Mitsu Kōro (紅露みつ; 10 May 1893 – 28 December 1980) was a Japanese politician. She was one of the first group of women elected to the House of Representatives in 1946. Aside from a brief spell in 1947, she served continuously in parliament until 1968.

==Biography==
Kōro was born in Sakamoto in Gunma Prefecture in 1893. She attended Kanda Girl's High School in Tokyo, after which she married Akira Kōro, who was elected to parliament in 1932. She worked as a journalist. Their son Shinichi was stationed in Hiroshima towards the end of World War II and was killed by the atomic bomb dropped on the city.

After World War II, Akira was banned from holding public office. Instead, Kōro contested the 1946 general elections as an independent candidate in Tokushima, and was elected to the House of Representatives. She subsequently joined the Liberal Party.
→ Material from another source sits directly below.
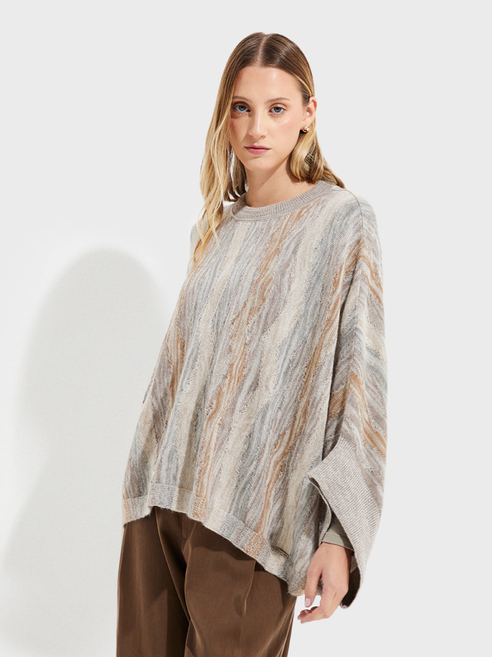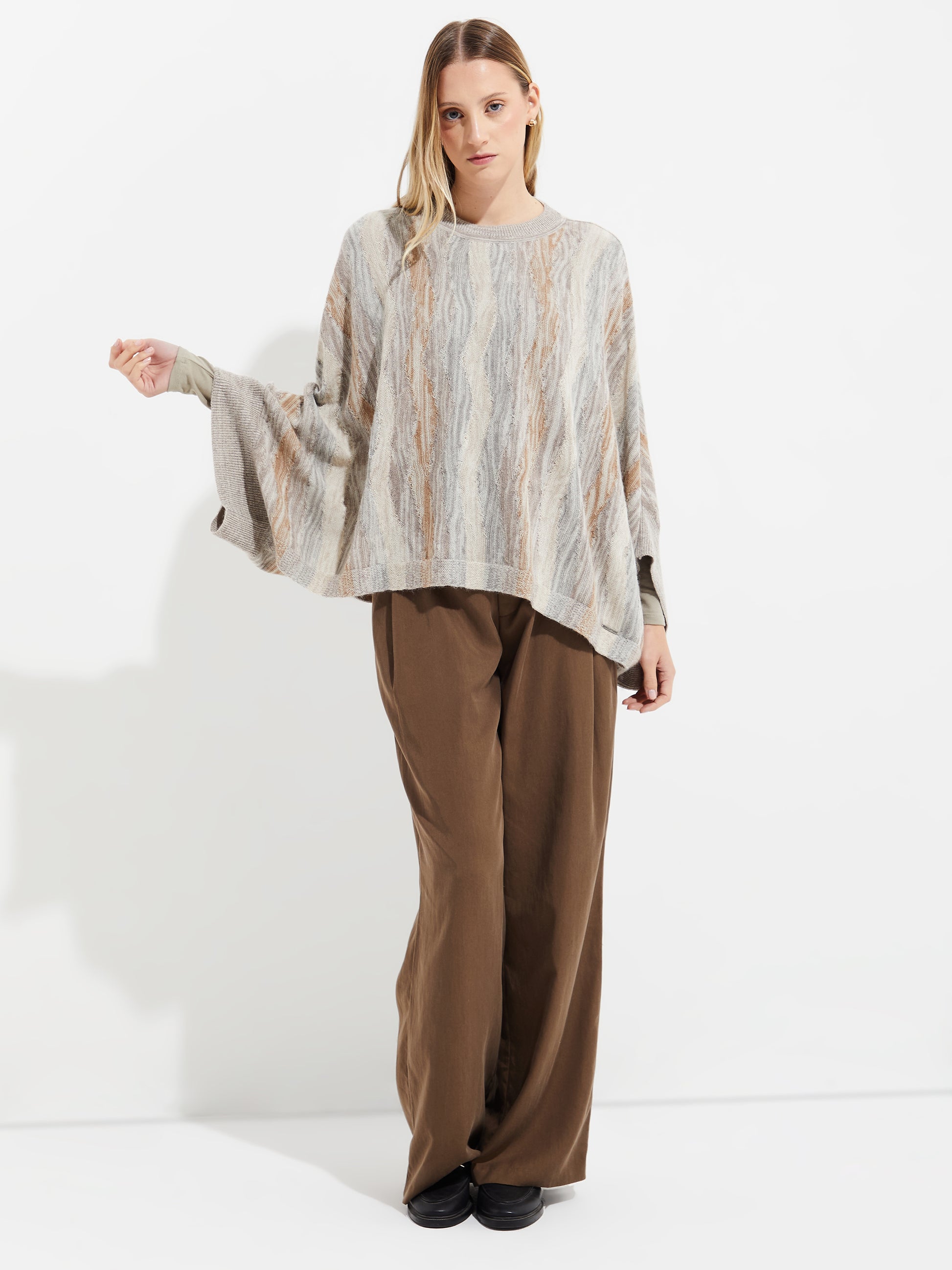 The Yola poncho is an exceptional piece made of 100% baby alpaca. Its exclusive and trendy design makes it a must-have addition to your closet. The round neck gives it a special and unique touch. Combine it with different garments to add color, whether for formal or more casual occasions. | Material predominante: Baby Alpaca

Although she lost her seat in the April 1947 general election, she returned to parliament after winning a seat in the August 1947 House of Councillors by-elections.
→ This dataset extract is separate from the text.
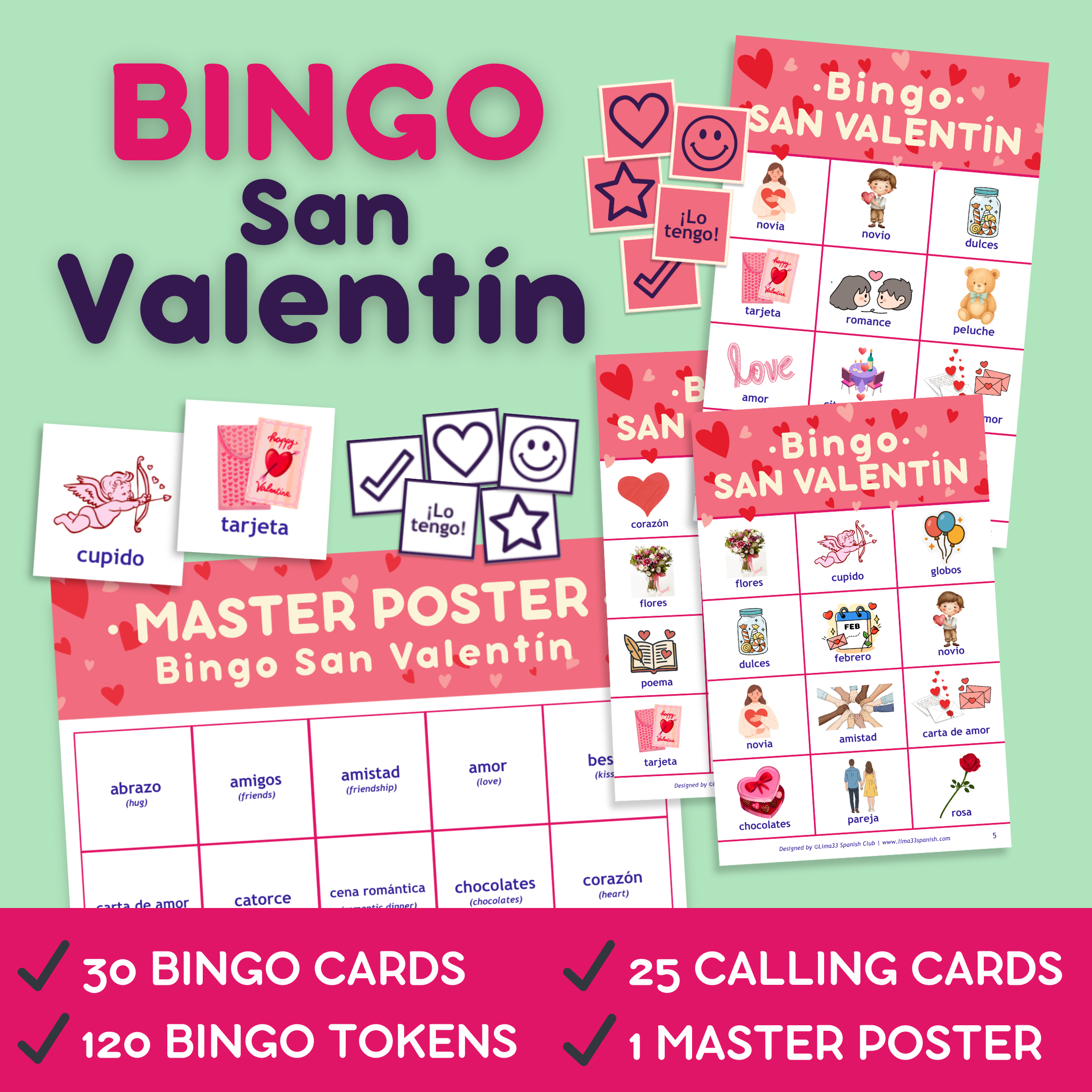 This San Valentin Bingo Game focuses on 25 words, a perfect way for students to build confidence, pronunciation, and vocabulary recognition while playing and having fun.

Kōro was subsequently re-elected in 1950 as a National Democratic Party candidate, and in 1956 and 1962 as a Liberal Democratic Party candidate, serving until 1968. She also served as Deputy Secretary of State for Health and Welfare in the second Ichiro Hatoyama cabinet in 1955. In 1965 she was awarded the Order of the Precious Crown.

She died in 1980.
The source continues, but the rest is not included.